The intestinal IR-induced jejunal atrophy was observed in the WT-IR3 (Figure 1A) and KO-IR3 groups (Figure 1B) and was reversed in the WT-IR6 and KO-IR12 groups. With sham operation, the KO-SH group had significantly lower jejunal villus density (P = 0.012), villus height (Figure 1C), and crypt depth (Figure 1D) than the WT-SH group. With intestinal ischemia, the WT-IR3 and KO-IR3 groups had significantly decreased villus heights and the IR-induced decrease in villus height was reversed in the WT-IR6 and KO-IR12 groups. The crypt depth was significantly decreased at 3 h of reperfusion and reversed at 12 h of reperfusion in KO, but not in WT mice. Neither the mGC-G gene nor intestinal IR had significant impact on muscularis thickness.

Figure 1

Jejunal morphology. H&E staining in WT (A) and KO (B) mice.

Scale bars  = 25 µm. The average villus height (C), crypt depth (D), and mucosal dry weight (E) and protein content (F) per centimeter of jejunum. Means ± SEM, n = 10 for WT groups and n = 9 for KO groups. *P<.05, KO vs. WT mice with sham operation or with intestinal IR at the same time point (Student’s t-test,). Values with different superscripts indicate significant differences within all of the time points in WT and KO mice, individually (one-way ANOVA with LSD, P<.05).

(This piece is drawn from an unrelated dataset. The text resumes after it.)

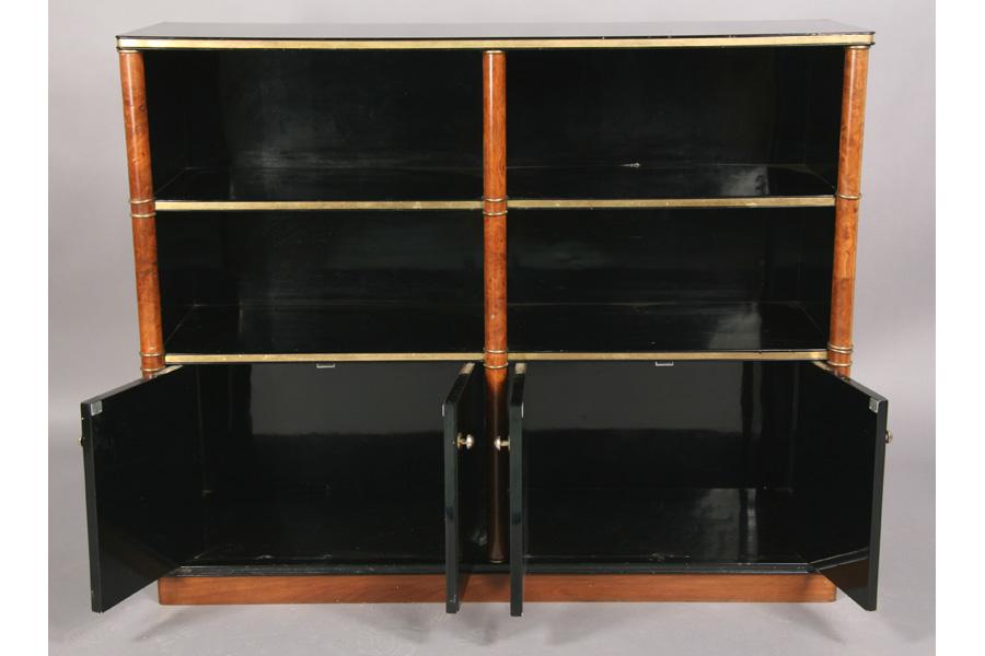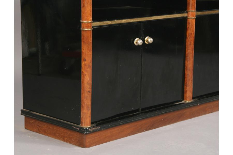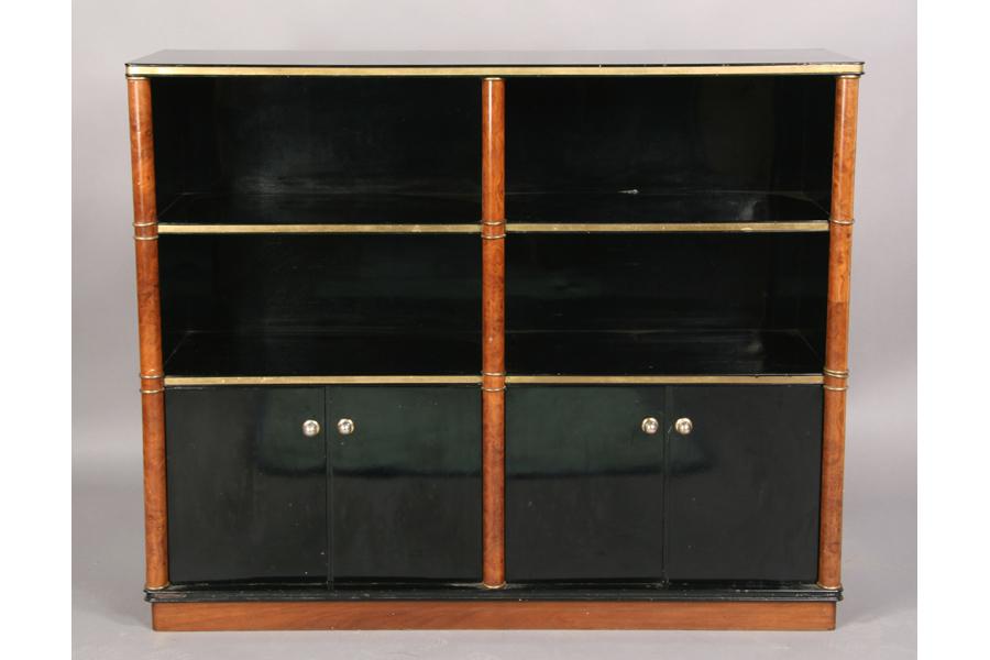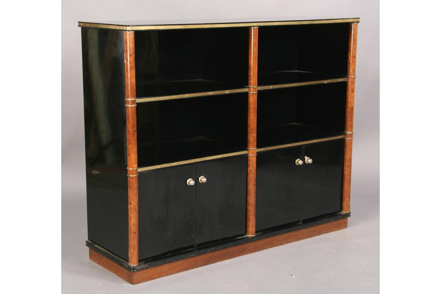 Interesting English style ebonized bookcase with bronze trimmed top edge and burled columns with open shelves and four cabinet doors circa 1950. Ht: 42" Width: 51" Depth: 16" ***PLEASE NOTE: All property shall be paid for by the purchaser within five (5) business days of the sale. Kamelot Auctions accepts cash (In house only), personal checks, certified checks and money orders. We do not accept credit cards or Paypal under any circumstances. Please note our policy regarding payments from International buyers: The only acceptable method of payment is a bank wire/bank transfer. For invoices more than $1000, there is no additional fee for this service. For invoices less than $1000, please include an additional $25 wire fee. We will be happy to forward our bank wiring information after the completion of the auction. Thank you for your understanding and cooperation. All purchases must be removed within 15 business days after an auction. Property not removed from our facility after 15 business days will be moved to an off-site storage facility at a charge of $10.00 per day payable by the buyer. Kamelot does NOT provide shipping services or estimates. However, we recommend the following independent shipping services: Antique Transport Co. at antiquetransport@cs.com, Farren Transport at farrentransport@comcast.net or All Points Shipping at jb@allpointsshippingnj.com for quotations and shipping arrangements for furniture and other large items that would require a blanket wrap shipping company. For quotations and shipping arrangements for smaller items that would traditionally be shipped through UPS, please contact The UPS Store at store4744@theupsstore.com or The Packaging Store at hrpa112@aol.com. Clients are welcome to pick up their items from our location or make their own shipping arrangements.

In the jejunal mass, the WT-IR6 and WT-IR3 groups had significantly decreased mucosal dry weight (Figure 1E) and protein content (Figure 1F), respectively, and these decreases were reversed in the WT-IR12 group. The KO-SH group had significantly decreased mucosal DNA content in the jejunum compared with the WT-SH group (P<.001). Intestinal IR did not have a significantly impact on mucosal DNA content in WT and KO mice.

The mGC-G gene involves in the systemic and jejunal inflammatory responses

The KO-SH group had significantly lower plasma NOx concentrations compared with the WT-SH group (Figure 2A). With intestinal IR, the WT-IR3, WT-IR12, and WT-IR24 groups had significantly decreased plasma NOx compared with the WT-SH group. In contrast, the KO-IR3 and KO-IR6 groups had significantly increased plasma NOx compared with the KO-SH group. The jejunal contents of NOx (Figure 2B) and cyclic GMP (Figure 2C) were not significantly different between the WT-SH and KO-SH groups. Intestinal IR did not significantly affect the jejunal content of NOx in WT and KO mice. The jejunal content of cyclic GMP was significantly decreased in the WT-IR24 group compared with the WT-SH group (P<.001) and decreased in the KO-IR3, KO-IR6, KO-IR12, and KO-IR24 groups compared with the KO-SH group (P<.001).

Figure 2

Nitrite/nitrate (NOx), cyclic GMP, and IL-6 protein and mRNA expression in the plasma and jejunum.

Plasma NOx (A), jejunal NOx (B), jejunal cyclic GMP (C), plasma IL-6 (D), jejunal IL-6 protein (E), and the relative IL-6 mRNA expression in the jejunum after adjustment with GAPDH mRNA levels (F). Means ± SEM, n = 10 for the WT groups and n = 9 for the KO groups. *P<.05, KO vs. WT mice with sham operation or with intestinal IR at the same time point (Student’s t-test,). Values with different superscripts indicate significant differences within all of the time points in WT and KO mice, individually (one-way ANOVA with LSD, P<.05).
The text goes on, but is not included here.